## Work instructions
Only an exact copy is wanted: the lines from the one holding "玄關(guān)聯(lián" through the last line below, minus the pictures.

## Data below
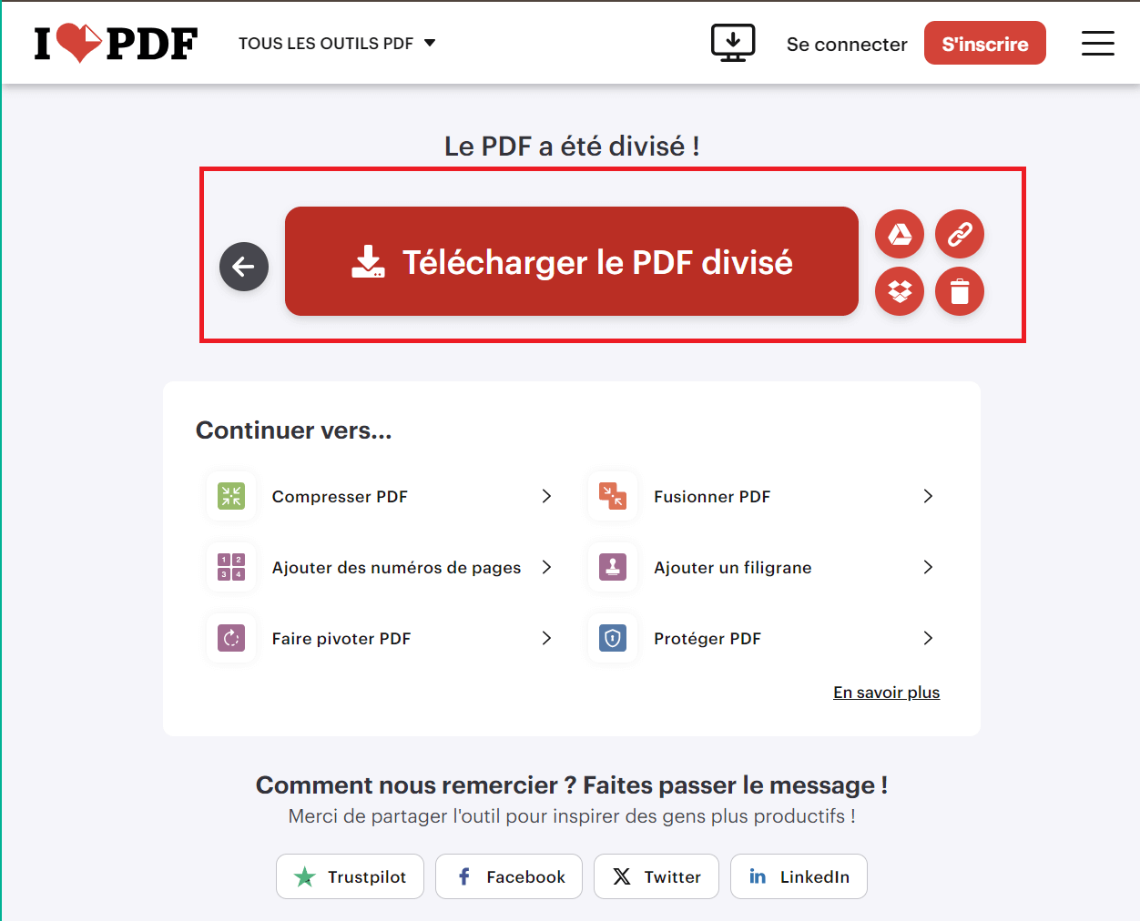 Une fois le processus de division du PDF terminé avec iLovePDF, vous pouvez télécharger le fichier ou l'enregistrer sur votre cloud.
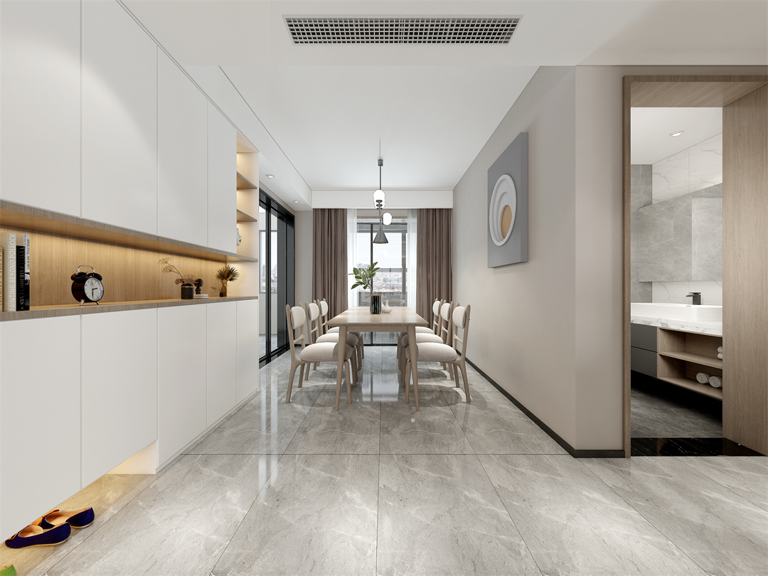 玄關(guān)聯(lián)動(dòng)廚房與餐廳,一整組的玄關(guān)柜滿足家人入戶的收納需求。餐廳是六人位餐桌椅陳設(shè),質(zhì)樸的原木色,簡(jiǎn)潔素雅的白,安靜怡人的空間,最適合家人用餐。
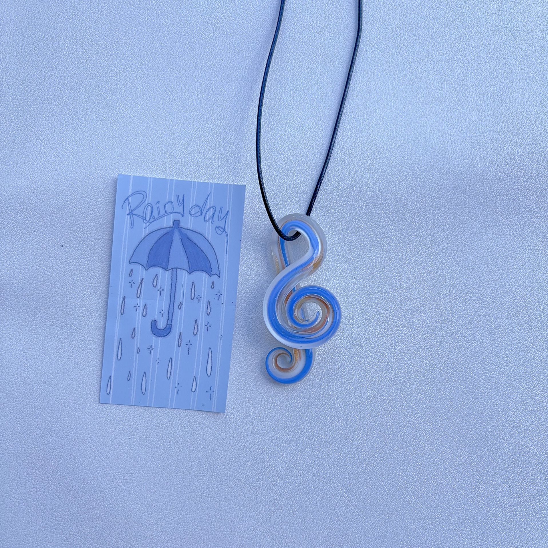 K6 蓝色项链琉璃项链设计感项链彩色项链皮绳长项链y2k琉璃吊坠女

## Result of this exercise
 玄關(guān)聯(lián)動(dòng)廚房與餐廳,一整組的玄關(guān)柜滿足家人入戶的收納需求。餐廳是六人位餐桌椅陳設(shè),質(zhì)樸的原木色,簡(jiǎn)潔素雅的白,安靜怡人的空間,最適合家人用餐。
 K6 蓝色项链琉璃项链设计感项链彩色项链皮绳长项链y2k琉璃吊坠女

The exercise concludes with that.